The US aeronautical manufacturer Boeing lost 628 million dollars (about 580 million euros) in the first quarter of 2020, compared to the 2,149 million (1,980 million euros) it earned in the same period last year, due to the COVID-19 pandemic and the stoppage of 737 MAX aircraft.
CThe firm announced on Wednesday that its turnover between January and March fell 26% year-on-year to 16,908 million (14,590 million euros), adding that it has a negative operating cash flow of 4,300 million (3,965 million euros). , but noted that it is “actively exploring all available options” to obtain liquidity and finance its operations.
“The COVID-19 pandemic is affecting all aspects of our business, including demand from customer airlines, continuity of production and stability of the supply chain,” explained Boeing CEO David Calhoun, who said he is focused on the “health and safety” of his employees and the community.
Although the pandemic is adding “unprecedented pressure,” the firm says it is confident in its “long-term future” and is “making progress on a safe return to service for the 737 MAX,” Calhoun added.
Boeing’s main business, commercial aviation, entered 6,205 million dollars (48% less), and its operating margin has plummeted to -33% due to the lower volume of deliveries and the accumulation of costs, including the 797 million of the production stoppage of the 737 MAX and 137 million of the interruption of operations that the pandemic has imposed on its plants.
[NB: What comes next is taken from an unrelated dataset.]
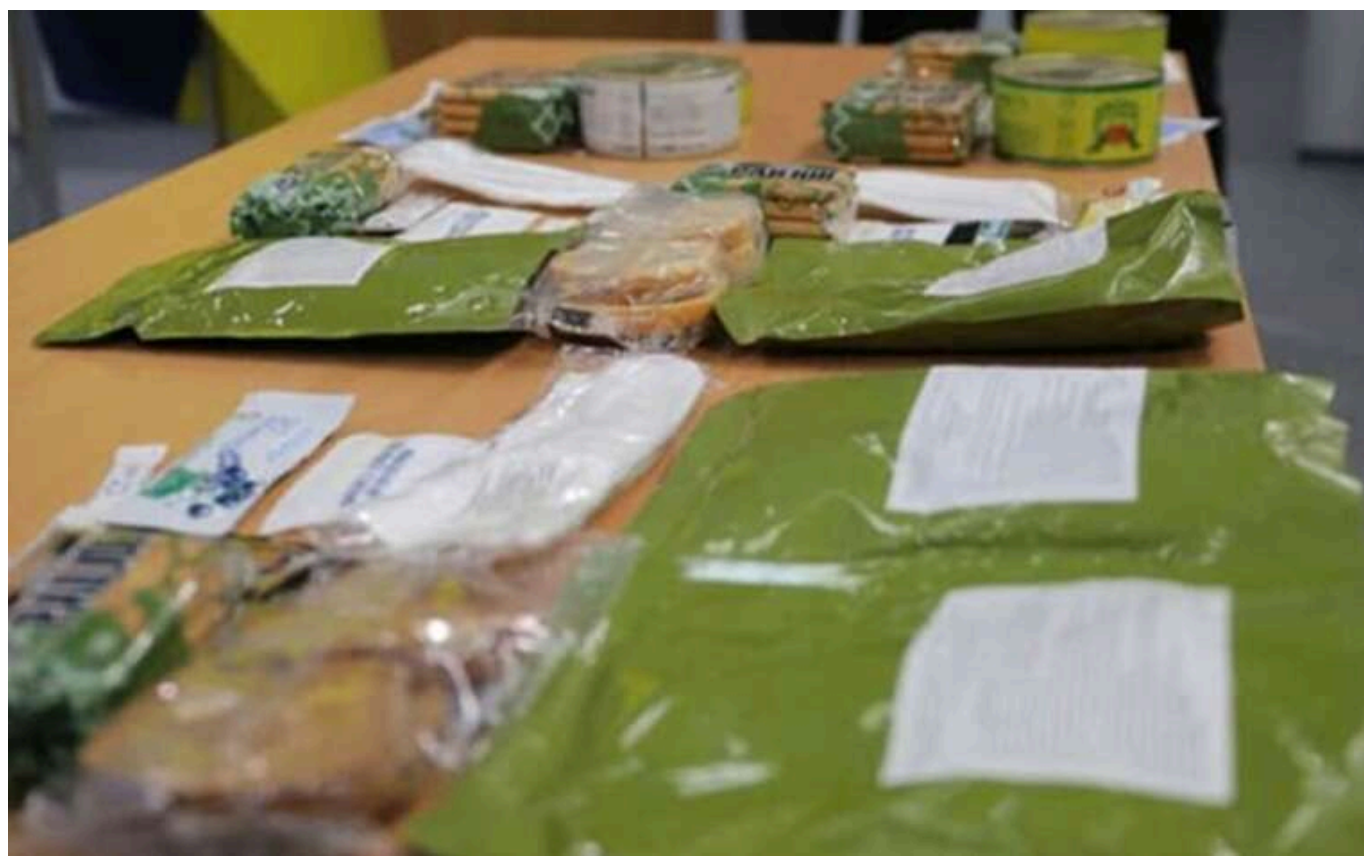
У ЗСУ з'являться халяльні та кошерні сухпайки, - Міноборони

Читати на руском Read in English Додати як бажане джерело в Google

Boeing indicated that it will resume production of the 737 MAX at a low rate “in 2020”, without specifying dates and as the environment improves, and will increase it to 31 units per month in 2021, and reported that the costs of maintaining the outside its star model on the ground they reach almost 5,000 million dollars (about 4,600 million euros).
The Chicago-based company highlighted the reduction in passenger traffic that airlines are suffering due to the coronavirus, which has a “significant impact on the demand for new commercial aircraft and services” as they are delaying their purchases, slowing deliveries and postponing maintenance of appliances.
The corporate has taken measures to face the “new reality of the market”, such as reducing its production rate, restructuring its command team and offering incentive exits to its staff, in addition to requesting a long-term loan, cutting costs and expenses, suspend share buybacks and dividends, and “eliminate the salary” of its chief executive officer and president.